The country’s hi-tech surveillance industry is part of its identity – which is why its dark side often goes unexamined

After extraordinary revelations that the Israeli company NSO Group’s mercenary cyber-surveillance tool, Pegasus, was allegedly used to target political dissidents, human rights activists, journalists and politicians around the world, Israel should be asking itself a few questions. Does its groundbreaking hi-tech industry have a dark side? Do the actors involved in exporting lucrative surveillance products – including the defence ministry, which must approve such sales, or perhaps the top levels of the previous government – bear responsibility?

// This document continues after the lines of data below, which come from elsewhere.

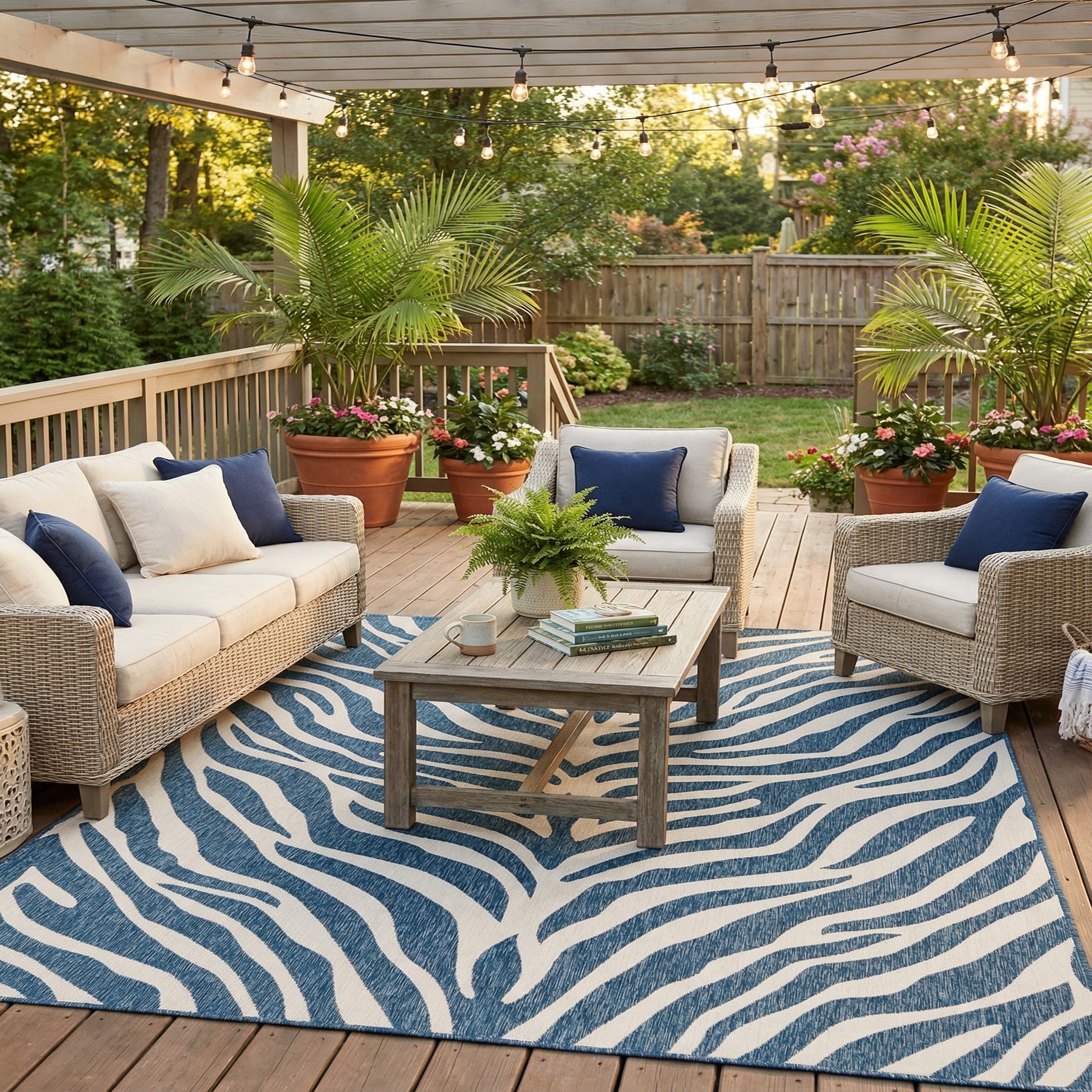 A 9x12 rectangular indoor/outdoor rug featuring a modern blue and white zebra stripe pattern, ideal for a patio or living room.
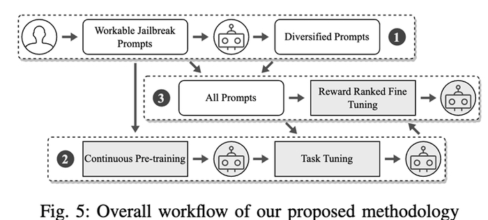 接着,通过持续的训练和任务导向的微调来创建一个大型模型,该模型能够重新编写之前找到的越狱提示词;
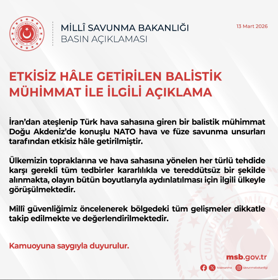 İran'dan ateşlenip Türk hava sahasına giren bir balistik mühimmat Doğu Akdeniz'de konuşlu NATO hava ve füze savunma unsurları tarafından etkisiz hale getirilmiştir.
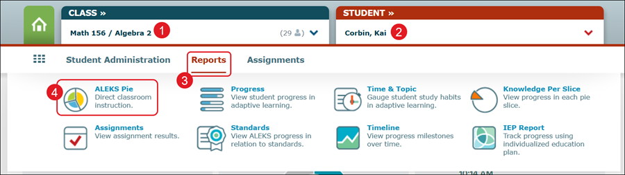 This article walks teachers through accessing and viewing Pie report in the classic ALEKS view.
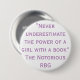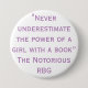 "Never underestimate the power of a girl with a book.” - The Notorious RBG, Supreme Court Justice Ruth Bader Ginsburg quote button that can be further customized with font or colour and/or transferred to another product.
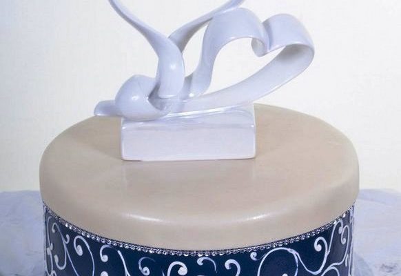 A broad blue band, enhanced by an edging of brilliant crystals at both top and bottom, draws the focus here.This simple and distinguished design, elegantly rendered, is crowned by the graceful double-heart ornament.A single tier, a petite presentation – and yet boldly executed and a cake that proudly holds its own among larger designs boasting more real estate.
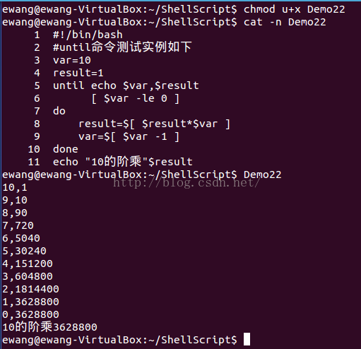 echo "10的阶乘"$result

While top Israeli officials are taking the revelations seriously, Israelis appear neither shamed nor shaken. The day after the NSO story broke, there was an announcement from another company that would eclipse talk of the rogue use of surveillance spyware. Ben & Jerry’s announced that it would cease the sale of its products in the “occupied Palestinian territories”. By midweek one had to squint to find NSO in the Israeli media, as the ice cream incident was dominating headlines. Persecution of human rights defenders, sabotaging freedom of the press, surveillance of political opposition and possible links to grisly murder all took second place, while a non-violent political protest by a single private company, set to begin a year and a half from now (when Ben and Jerry’s licensing deal runs out), overshadowed everything.